Previously, I found that on average you need to increase the number of review comments by 68% to move up a quality grade. How many more developers do you need to generate these extra review comments? Using the linear trend above, I estimated that you would need to increase the number of developers who conduct code reviews (per opener) by 32%5 on average to move up a quality grade.

From these results, we would expect the reviewer-opener ratio to be positively correlated with code quality as well. Does this hold? Indeed it does, with an even slightly higher Spearman correlation (r = 0.18 6) compared to the review abundance (r=0.17). It seems that four eyes really do see more than two… 7

fig4 quality vs reviewers

What does this all mean?

We all want better code—the question is how do we get there? By analyzing pull requests of GitHub projects, I have shown that simply increasing the amount of code review might be the most straightforward way of increasing code quality. If you want to shift your project from an E-D quality grade to a C-A+ quality grade, you may need to double the amount of reviewing.

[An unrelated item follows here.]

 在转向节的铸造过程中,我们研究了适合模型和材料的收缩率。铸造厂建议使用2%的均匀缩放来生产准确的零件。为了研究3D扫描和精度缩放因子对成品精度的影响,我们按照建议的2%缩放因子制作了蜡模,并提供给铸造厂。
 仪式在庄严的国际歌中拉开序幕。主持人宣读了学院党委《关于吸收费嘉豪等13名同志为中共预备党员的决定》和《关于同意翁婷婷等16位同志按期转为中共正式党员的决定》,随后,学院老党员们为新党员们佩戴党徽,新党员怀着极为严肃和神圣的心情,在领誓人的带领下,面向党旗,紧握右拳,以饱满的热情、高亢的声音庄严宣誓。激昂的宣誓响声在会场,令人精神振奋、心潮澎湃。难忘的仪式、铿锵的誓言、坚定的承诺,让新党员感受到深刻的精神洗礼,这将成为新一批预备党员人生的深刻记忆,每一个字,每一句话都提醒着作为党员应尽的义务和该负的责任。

You want people within your project to review more code. One option is to ask existing reviewers to do more reviewing (that is, the same number of eyes but staring longer). We can roughly test whether this is linked with higher quality by considering the review abundance per reviewer. Alas, I find no relationship (r=-0.02,p=0.6) between code quality and review abundance per reviewer. The data suggests—somewhat unexpectedly—that for a fixed number of reviewers, more time spent reviewing does not improve code quality!

We now have evidence that adding more reviewers improves code quality, but getting existing reviewers to review more does not. Say that every developer in your organization spends 10% of their time reviewing code. Then a good bang-for-your-buck strategy is for developers to continue spending 10% of their time on code review, but spread that time over more pull requests. Why? Because the data suggests it's better to get more eyes on a pull request, than fewer eyes staring longer.

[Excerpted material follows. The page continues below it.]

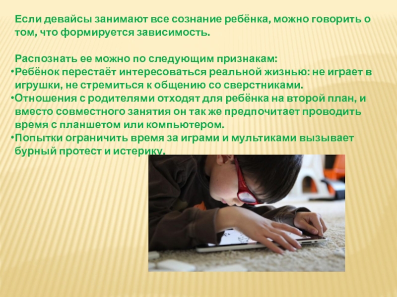 Слайд 17Если девайсы занимают все сознание ребёнка, можно говорить о том, что

But you can also get another pair of eyes for free! Why not instead boost your current review process by setting up LGTM's automated code review on your pull requests? LGTM’s automated code review functionality acts as an additional automated-reviewer that finds and flags problems independently. It adds an extra layer of code review by providing a comprehensive analysis of pull requests before they are merged (without interfering with existing reviewing by developers). LGTM will also catch deeper mistakes or vulnerabilities that developers might miss.

Overall, my empirical analysis suggests that:

  • The code review process does indeed improve code quality.
  • Increasing the number of reviewers, and not the time individuals spend reviewing, is the best way to improve your project’s code review process.

Thank you to the data science team for their help thus far—and in particular for a lovely welcome curry! I look forward to two more exciting months of my internship.

  1. Automatically generated review comments are ignored in this analysis.

  2. This result is statistically significant at a level of 0.1% with a p-value of 0.0002.

  3. A GitHub user can be both a reviewer and an opener for a project, so the ‘reviewers’ and ‘openers’ of a project are not mutually exclusive.

  4. This result is statistically significant with a p-value of less than 10e-6.

  5. The underlying reason why you need to increase the number of reviewers less than you need to increase the number of review comments, is that some reviewers are much more active than others. So a few extra reviewers can greatly increase the number of issues found, provided there are a few workhorses among those extra reviewers.

  6. This result is statistically significant at a level of 0.1% with a p-value of 0.00024.

  7. The National Magazine, 1857, with the alternative from Venice: “pope and peasant know more than the pope alone”.